TASK GOAL ▸
An exact copy is needed of the lines in the entries below from the line with "Цвет #DB85E6 в" up to and including the line with "近日,教育部易班发展中心公布", and of nothing else. Leave the pictures out.

DATA RECORDS ▸
══════════════════════════════

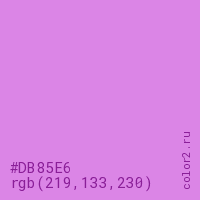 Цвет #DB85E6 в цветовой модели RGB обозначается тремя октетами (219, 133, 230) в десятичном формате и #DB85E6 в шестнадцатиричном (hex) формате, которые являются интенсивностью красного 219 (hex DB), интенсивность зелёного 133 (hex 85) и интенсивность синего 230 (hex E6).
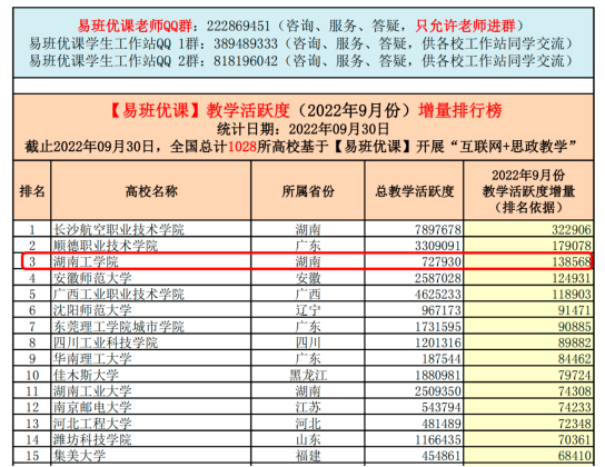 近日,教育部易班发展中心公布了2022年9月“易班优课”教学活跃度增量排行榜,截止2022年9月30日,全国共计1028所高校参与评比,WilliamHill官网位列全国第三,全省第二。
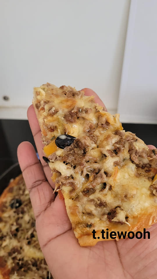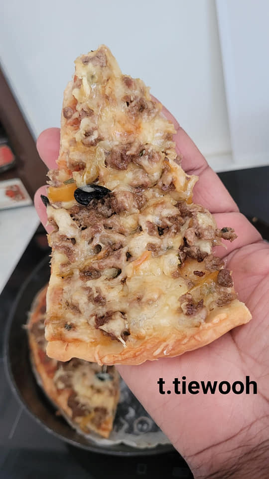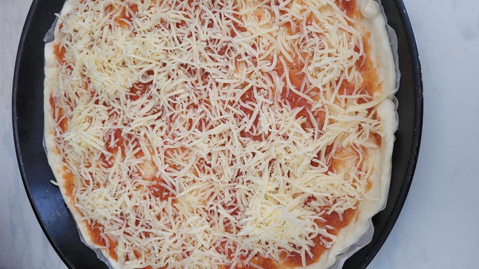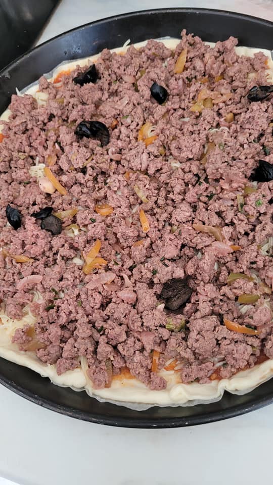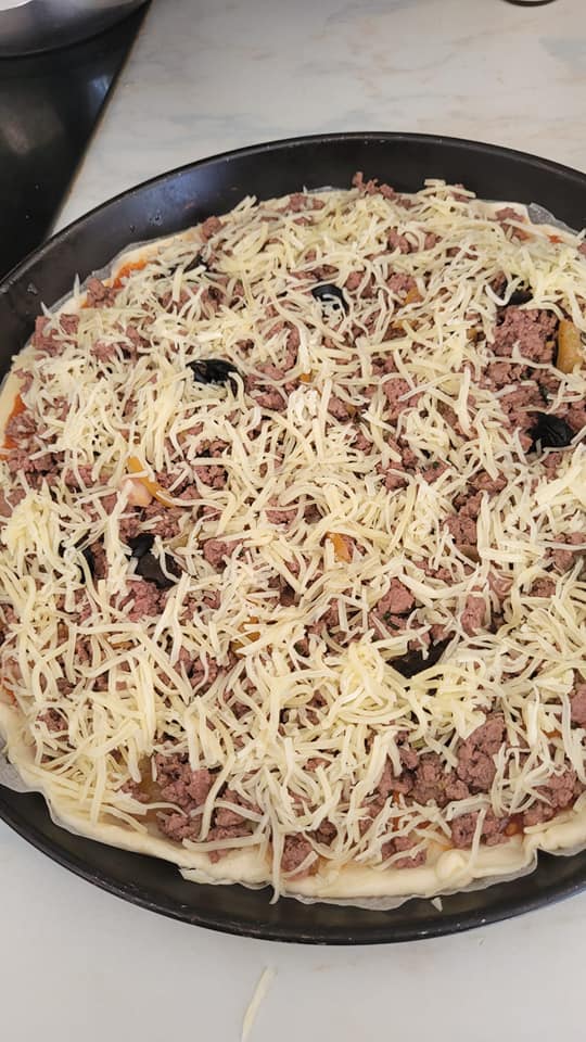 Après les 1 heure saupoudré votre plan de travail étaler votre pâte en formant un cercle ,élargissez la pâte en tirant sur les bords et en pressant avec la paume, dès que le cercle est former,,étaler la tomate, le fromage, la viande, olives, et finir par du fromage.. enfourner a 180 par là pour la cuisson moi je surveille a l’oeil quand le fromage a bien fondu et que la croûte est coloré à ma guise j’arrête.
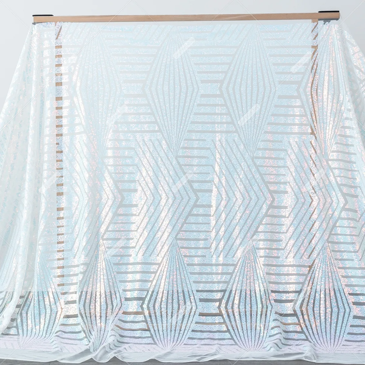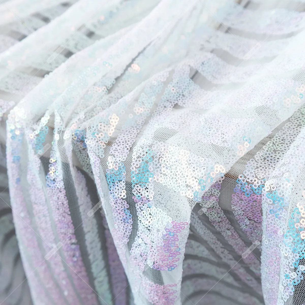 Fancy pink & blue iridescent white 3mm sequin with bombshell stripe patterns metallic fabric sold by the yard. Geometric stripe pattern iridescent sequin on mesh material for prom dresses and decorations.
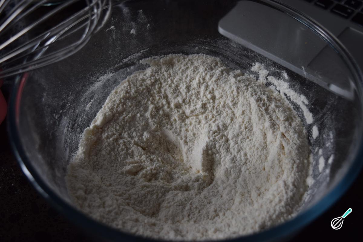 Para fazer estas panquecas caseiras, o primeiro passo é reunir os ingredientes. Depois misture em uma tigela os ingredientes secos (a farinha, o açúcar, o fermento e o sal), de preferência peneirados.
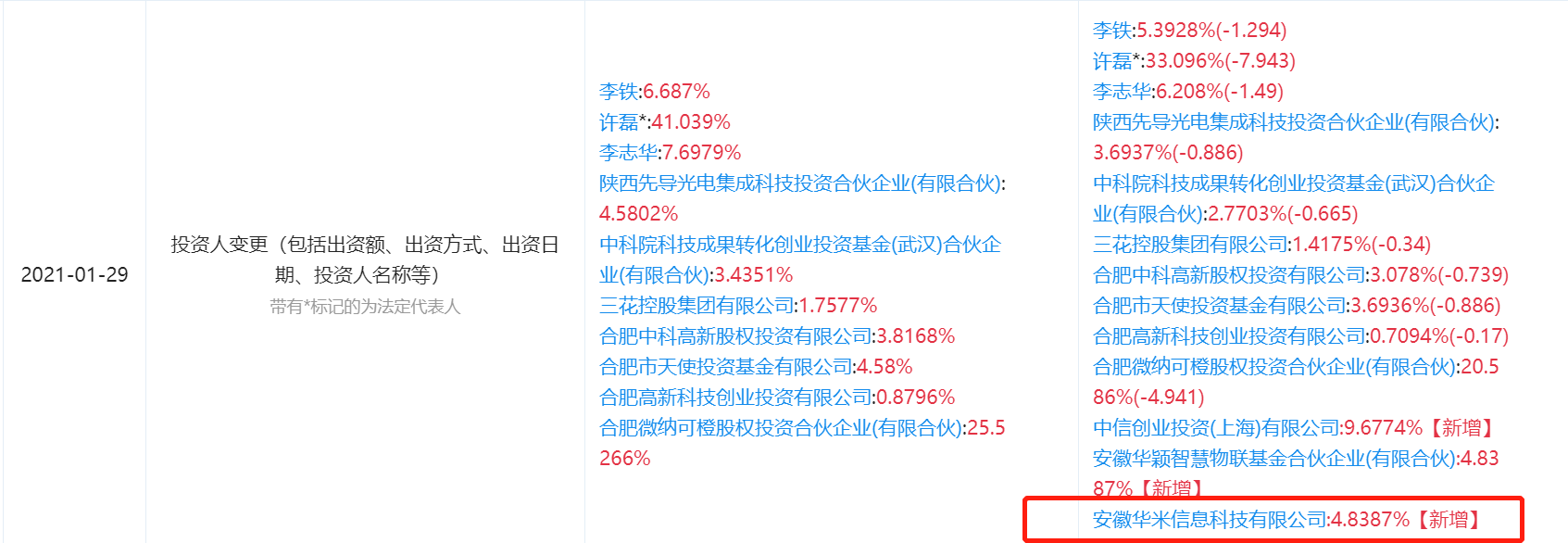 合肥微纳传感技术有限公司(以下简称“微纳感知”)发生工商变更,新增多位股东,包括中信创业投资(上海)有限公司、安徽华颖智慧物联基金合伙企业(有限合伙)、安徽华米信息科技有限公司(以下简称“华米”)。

══════════════════════════════

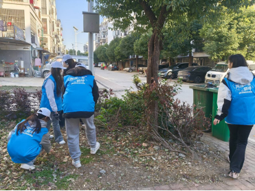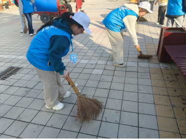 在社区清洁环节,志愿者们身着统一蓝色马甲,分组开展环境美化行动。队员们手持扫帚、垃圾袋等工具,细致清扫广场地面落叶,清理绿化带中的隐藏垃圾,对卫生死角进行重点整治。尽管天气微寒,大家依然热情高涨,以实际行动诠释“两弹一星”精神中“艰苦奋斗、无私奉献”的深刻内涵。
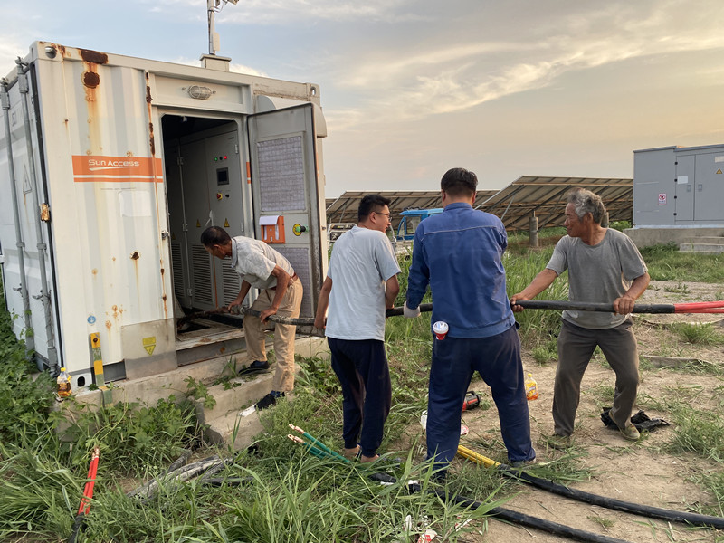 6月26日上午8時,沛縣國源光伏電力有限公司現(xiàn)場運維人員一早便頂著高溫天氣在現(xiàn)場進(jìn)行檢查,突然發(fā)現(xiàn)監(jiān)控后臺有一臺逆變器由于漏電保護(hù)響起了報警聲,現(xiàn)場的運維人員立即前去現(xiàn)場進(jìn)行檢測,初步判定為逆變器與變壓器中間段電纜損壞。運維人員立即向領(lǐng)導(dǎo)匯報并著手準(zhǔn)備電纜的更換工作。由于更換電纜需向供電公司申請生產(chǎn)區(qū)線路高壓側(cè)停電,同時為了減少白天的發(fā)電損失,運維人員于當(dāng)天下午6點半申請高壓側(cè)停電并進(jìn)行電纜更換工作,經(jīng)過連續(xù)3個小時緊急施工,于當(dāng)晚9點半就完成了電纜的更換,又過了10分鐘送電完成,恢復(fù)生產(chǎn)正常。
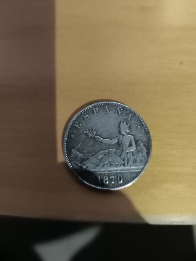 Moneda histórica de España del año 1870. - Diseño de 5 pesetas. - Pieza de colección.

══════════════════════════════

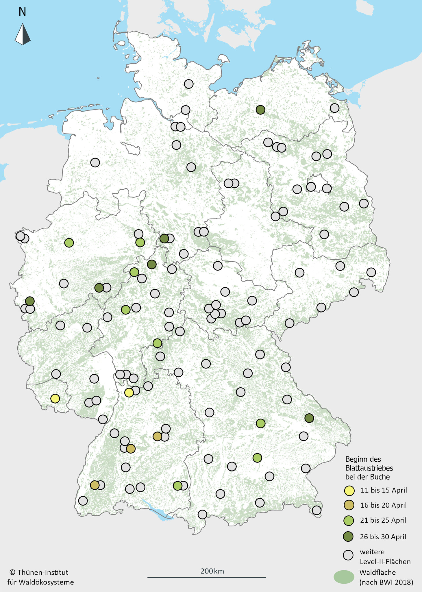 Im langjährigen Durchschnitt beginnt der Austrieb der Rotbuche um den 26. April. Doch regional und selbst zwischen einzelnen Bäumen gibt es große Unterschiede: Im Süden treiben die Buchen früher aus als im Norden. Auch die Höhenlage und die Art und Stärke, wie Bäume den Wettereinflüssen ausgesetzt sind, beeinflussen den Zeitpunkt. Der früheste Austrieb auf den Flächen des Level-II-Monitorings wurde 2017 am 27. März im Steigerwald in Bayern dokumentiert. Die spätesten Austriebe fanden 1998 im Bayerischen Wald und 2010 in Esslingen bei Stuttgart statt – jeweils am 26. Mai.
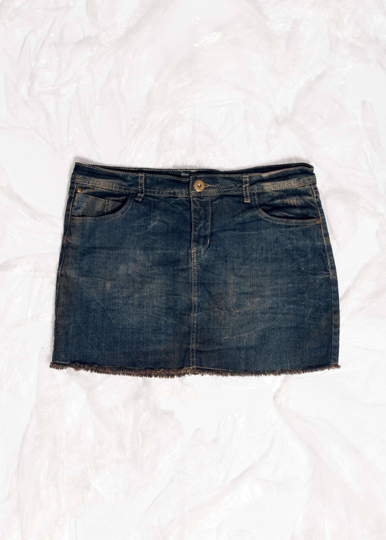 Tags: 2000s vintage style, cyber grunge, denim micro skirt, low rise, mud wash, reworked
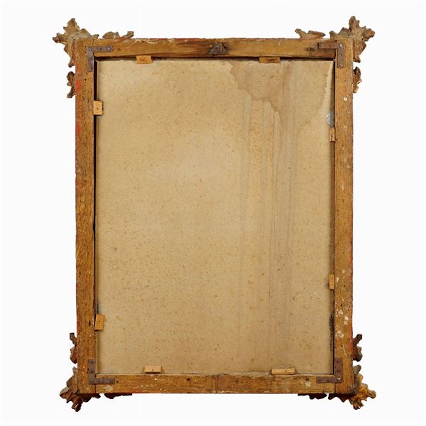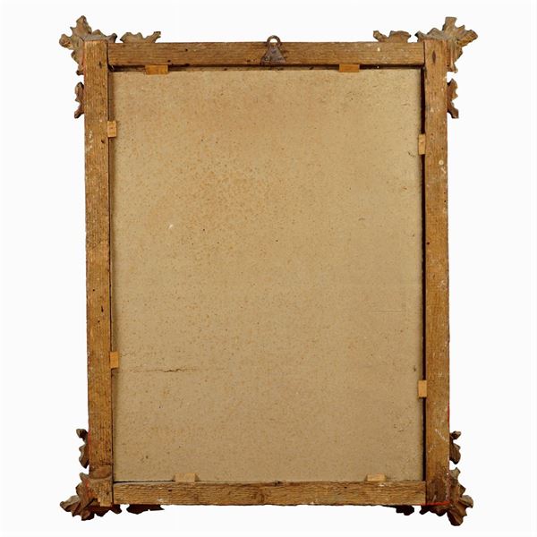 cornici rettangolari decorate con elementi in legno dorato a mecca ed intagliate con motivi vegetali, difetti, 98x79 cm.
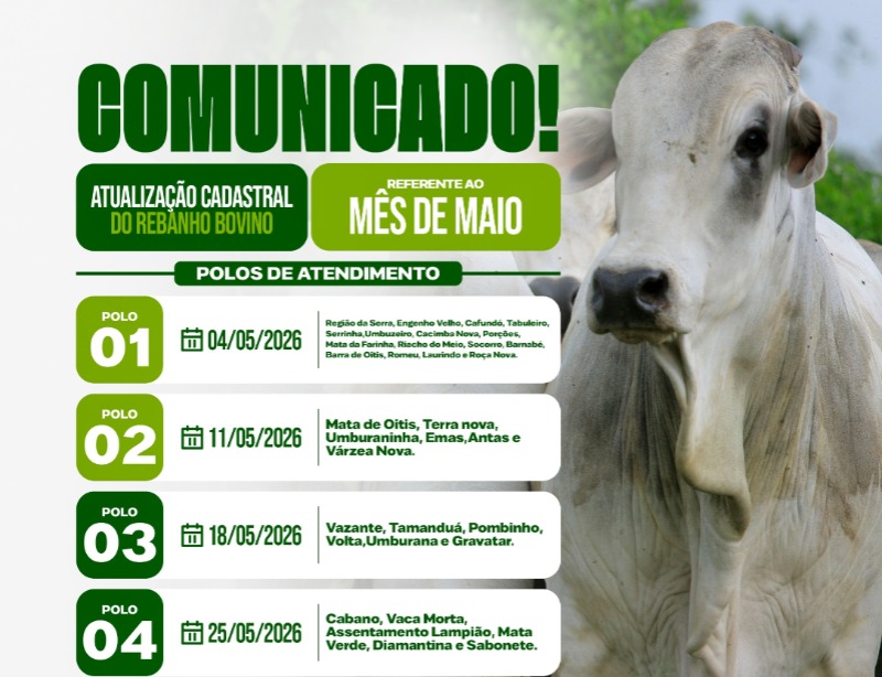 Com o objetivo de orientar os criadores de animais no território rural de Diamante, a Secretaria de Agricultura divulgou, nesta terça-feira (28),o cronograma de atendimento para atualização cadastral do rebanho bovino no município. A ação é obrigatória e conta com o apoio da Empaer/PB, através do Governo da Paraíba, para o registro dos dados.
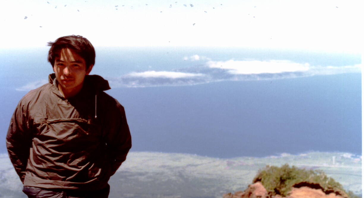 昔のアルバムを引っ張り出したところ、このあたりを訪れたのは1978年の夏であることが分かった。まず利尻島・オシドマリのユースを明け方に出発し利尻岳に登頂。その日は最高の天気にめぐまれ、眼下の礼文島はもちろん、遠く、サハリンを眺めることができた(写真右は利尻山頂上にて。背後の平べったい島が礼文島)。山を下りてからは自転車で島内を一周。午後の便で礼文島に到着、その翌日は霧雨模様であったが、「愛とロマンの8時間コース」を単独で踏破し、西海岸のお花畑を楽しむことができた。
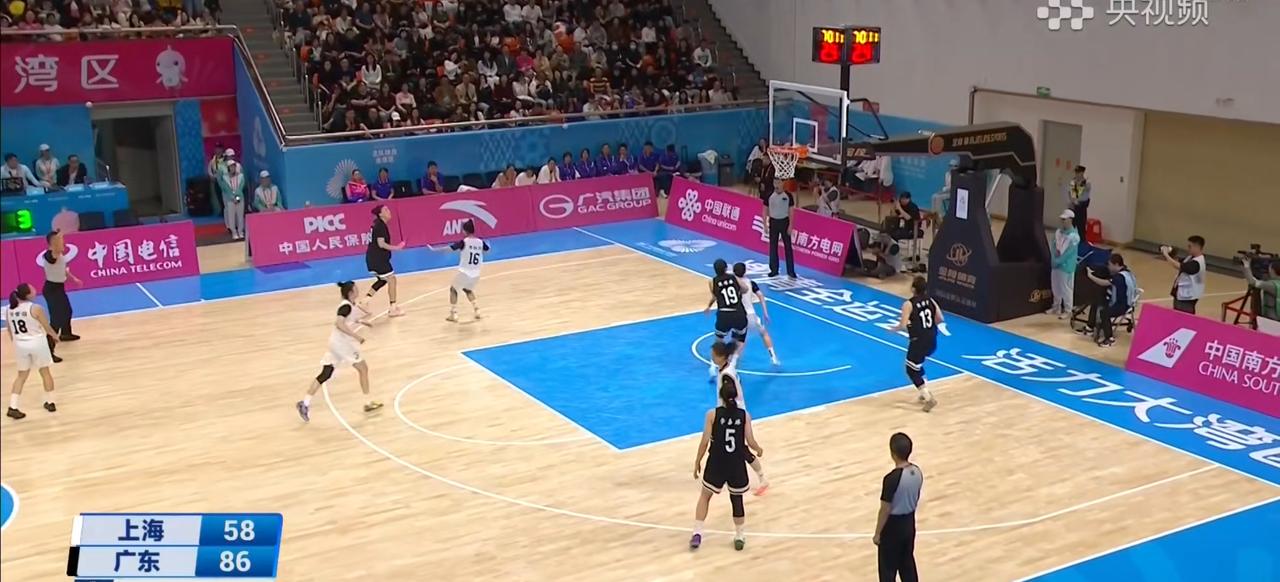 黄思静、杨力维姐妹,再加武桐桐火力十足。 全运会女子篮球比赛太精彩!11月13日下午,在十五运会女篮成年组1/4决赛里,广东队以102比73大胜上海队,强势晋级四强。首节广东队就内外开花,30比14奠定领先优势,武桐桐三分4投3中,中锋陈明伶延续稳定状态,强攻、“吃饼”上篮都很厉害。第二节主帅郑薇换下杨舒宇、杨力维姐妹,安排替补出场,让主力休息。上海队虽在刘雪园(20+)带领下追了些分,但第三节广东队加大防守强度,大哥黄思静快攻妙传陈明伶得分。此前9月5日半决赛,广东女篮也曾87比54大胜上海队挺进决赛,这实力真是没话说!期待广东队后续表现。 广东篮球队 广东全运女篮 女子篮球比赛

══════════════════════════════

RESPONSE TO THE TASK ▸
 Цвет #DB85E6 в цветовой модели RGB обозначается тремя октетами (219, 133, 230) в десятичном формате и #DB85E6 в шестнадцатиричном (hex) формате, которые являются интенсивностью красного 219 (hex DB), интенсивность зелёного 133 (hex 85) и интенсивность синего 230 (hex E6).
 近日,教育部易班发展中心公布了2022年9月“易班优课”教学活跃度增量排行榜,截止2022年9月30日,全国共计1028所高校参与评比,WilliamHill官网位列全国第三,全省第二。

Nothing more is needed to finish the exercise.